The dataset covers five campaigns:
- Lead generation
- Brand awareness
- Retargeting
- Product launch
- Seasonal promo
These campaigns run across three channels: paid search, paid social, and display. It spans a full year of data.
Your mission ✅
These three tasks are your mission:
- Clean the raw data
- Complete the summary tables
- Build the dashboard
1. Clean the raw data
Standardize the campaign names and fix the negative click values in the “Raw data” tab. Bonus points if you can do it with a single nested formula!

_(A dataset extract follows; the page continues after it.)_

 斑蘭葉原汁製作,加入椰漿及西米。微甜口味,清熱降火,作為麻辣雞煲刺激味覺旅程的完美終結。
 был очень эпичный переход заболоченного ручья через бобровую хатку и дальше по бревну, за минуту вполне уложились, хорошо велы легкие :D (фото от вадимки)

2. Complete the summary tables
You’ll find two tables already set up in the “Summary tables” tab: one breaking down performance by campaign, the other by channel. Populate them with total impressions and clicks by campaign and by month, and do the same by channel. You’ll also need to pull ad spend and conversions for each, and calculate three key metrics: click-through rate (CTR), cost per click (CPC), and cost per conversion. The formulas for these are on the “Instructions” tab.

3. Build the dashboard
Head to the “Dashboard” tab and bring your data to life with three charts:
- A combo chart showing impressions, clicks, and CTR by month
- A donut chart for ad spend
- A column chart for conversions.
The fun part? The donut and column charts should be dynamic, updating automatically based on a drop-down that switches between campaign and channel views.
P.S. Those three tasks are your mission, but consider them a starting point, not a ceiling. There's plenty of data to play with, so if you're feeling ambitious, see what else you can build.
The hints 🕵️
Not sure where to start? Here are a couple of nudges.

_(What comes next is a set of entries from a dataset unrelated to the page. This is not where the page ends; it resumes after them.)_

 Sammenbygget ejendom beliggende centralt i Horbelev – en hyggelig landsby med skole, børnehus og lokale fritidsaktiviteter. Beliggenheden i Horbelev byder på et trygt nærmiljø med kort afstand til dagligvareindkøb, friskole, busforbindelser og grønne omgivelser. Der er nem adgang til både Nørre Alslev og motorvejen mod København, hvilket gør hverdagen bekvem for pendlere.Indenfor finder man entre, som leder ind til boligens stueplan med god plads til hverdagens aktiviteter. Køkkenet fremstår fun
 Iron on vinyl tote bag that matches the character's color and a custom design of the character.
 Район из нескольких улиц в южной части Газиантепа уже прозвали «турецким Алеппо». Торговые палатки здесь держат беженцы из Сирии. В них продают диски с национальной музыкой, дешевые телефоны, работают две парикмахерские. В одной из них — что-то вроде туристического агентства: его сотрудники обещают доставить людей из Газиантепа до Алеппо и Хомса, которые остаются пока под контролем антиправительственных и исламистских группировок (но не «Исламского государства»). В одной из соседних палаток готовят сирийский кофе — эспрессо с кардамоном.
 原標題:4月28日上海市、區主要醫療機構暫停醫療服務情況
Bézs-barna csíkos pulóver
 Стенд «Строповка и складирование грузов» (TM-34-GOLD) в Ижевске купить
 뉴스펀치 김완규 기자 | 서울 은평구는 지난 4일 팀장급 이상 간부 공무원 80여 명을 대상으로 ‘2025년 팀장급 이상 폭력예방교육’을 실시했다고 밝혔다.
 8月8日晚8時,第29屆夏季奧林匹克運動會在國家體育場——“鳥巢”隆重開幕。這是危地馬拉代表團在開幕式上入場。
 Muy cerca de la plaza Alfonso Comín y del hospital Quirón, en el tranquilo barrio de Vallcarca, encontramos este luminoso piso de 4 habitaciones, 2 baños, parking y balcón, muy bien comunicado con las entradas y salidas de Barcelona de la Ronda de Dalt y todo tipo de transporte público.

- For the summary tables, you’ll need a function that can sum values based on multiple conditions at the same time — like a specific campaign name and a specific month. Check out our guide to SUMIF in Excel to get you started.
- For the dashboard, the charts are yours to design, but if you want inspiration for making them clear and effective, this GoSkills guide to dashboard design best practices is well worth a read before you start.
The solution ✅
Excel is all about creativity and flexibility, and there's always more than one way to solve a problem. Share your solution — or even a new challenge idea — with our community on Slack and connect with fellow enthusiasts.
Need more Excel practice online? 🤩
If you enjoyed this challenge, keep the momentum going by exploring the rest of our Excel challenges or diving into the Resource Hub, packed with tutorials, tips, and tricks to boost your skills. For targeted learning, check out our Excel Charts for Data Visualization course to master the charting techniques used in this challenge, or our Excel Dashboards course to take your dashboard-building skills to the next level.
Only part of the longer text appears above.